# Best way to keep wireless network secure



## pjohnston440 (Sep 30, 2017)

Hey all,

I have a client with a small network at his retail business (1 file server/Windows 2012 & 10 client Windows 7 machines). He also has internet service but the internet is not connected to the network because he wanted NO chance that someone could hack into his network. I don't know if he is using a router from his ISP or bought his own. He will have an online store soon and needs a way to get an order file from the web server to his business network. Once the file is on his business network, we will create a process to consume the file and enter the orders into his system.

My question is: what are the safest ways to connect to the internet to keep his network safe? Firewall, vpn, etc?

Thank you,
Pete J.


----------



## GentleArrow (Aug 10, 2015)

"needs a way to get an order file from the web server to his business network"

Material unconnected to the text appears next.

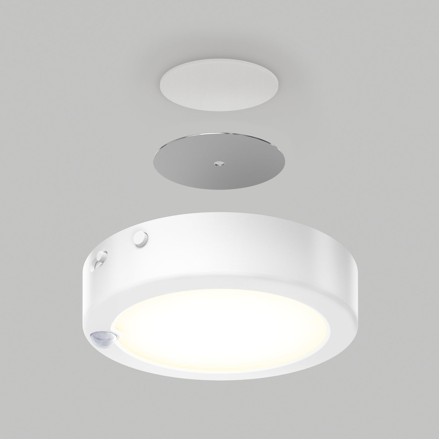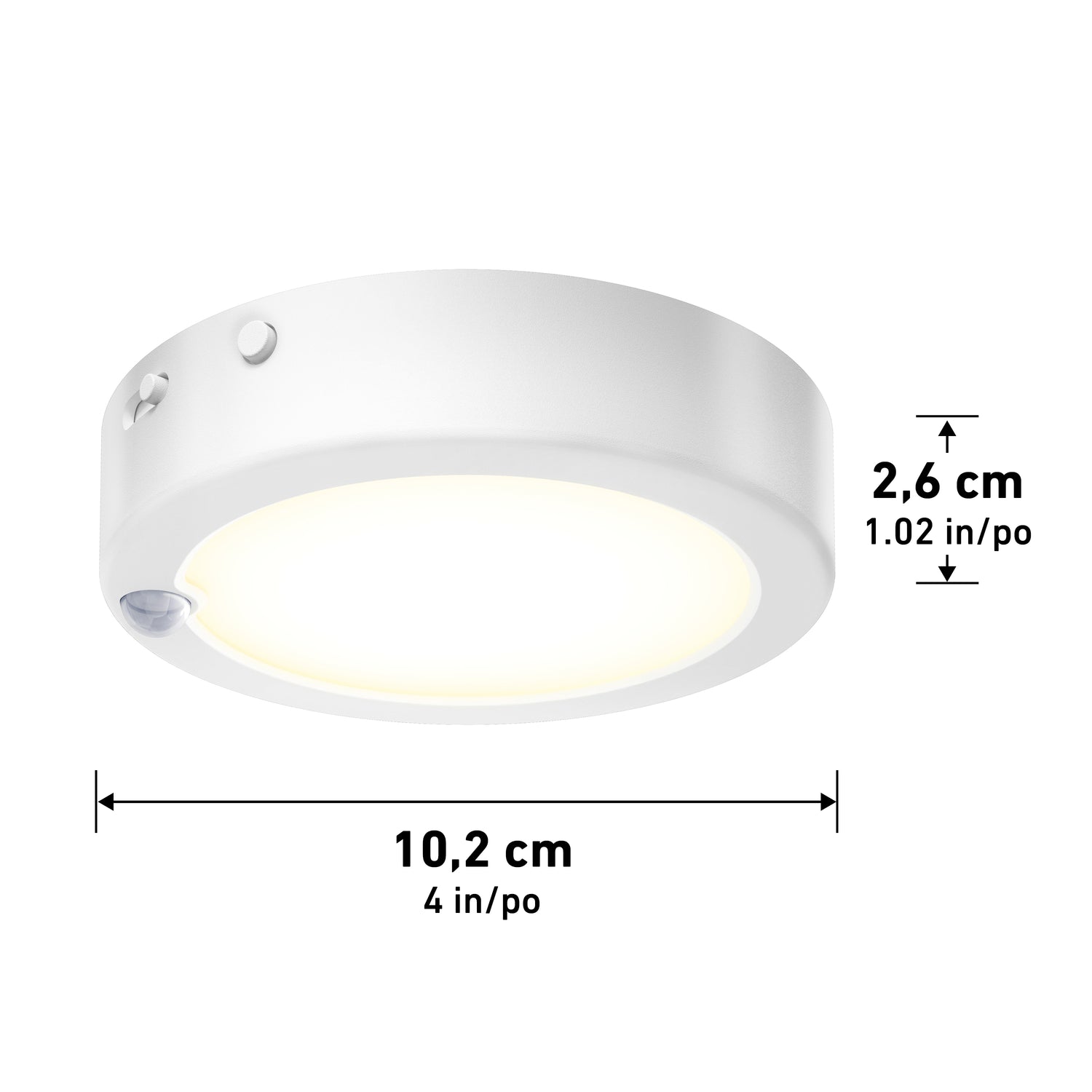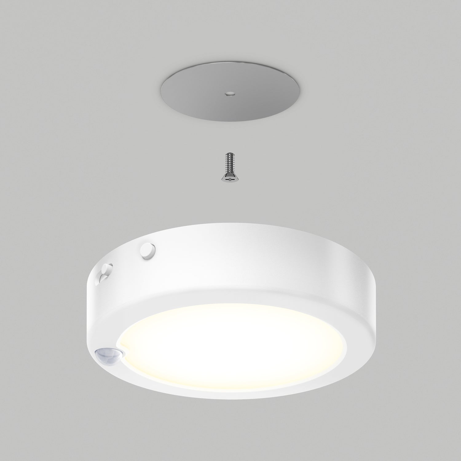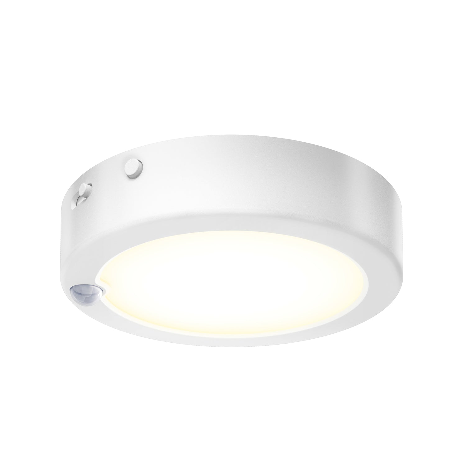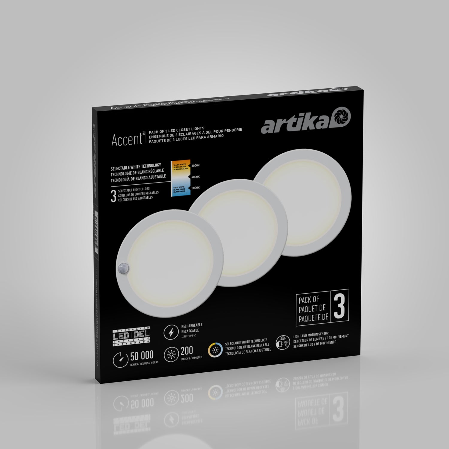 Artika Accent under cabinet LED light 3CCT with a glowing center and small sensor on the edge, mounted on a plain gray ceiling.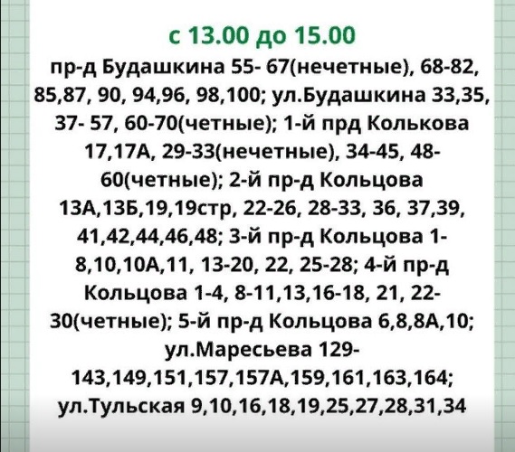 Так, с 9:50 до 12:00 света не будет по следующим адресам:

Usually this is a database to database operation. As in the web server app's database sends the order data directly to the business database when then implements the order.

This means the internet needs to be connected to the business network via a firewall. You would only open/forward the ports needed by the database communication. We call this opening pinholes in the firewall.

Big question is is there a common data format the two databases can talk in for the transfer of the orders?

If you were thinking of doing this manually I can tell you that will be very short in time duration due to timeliness of orders and human error in the translation.


----------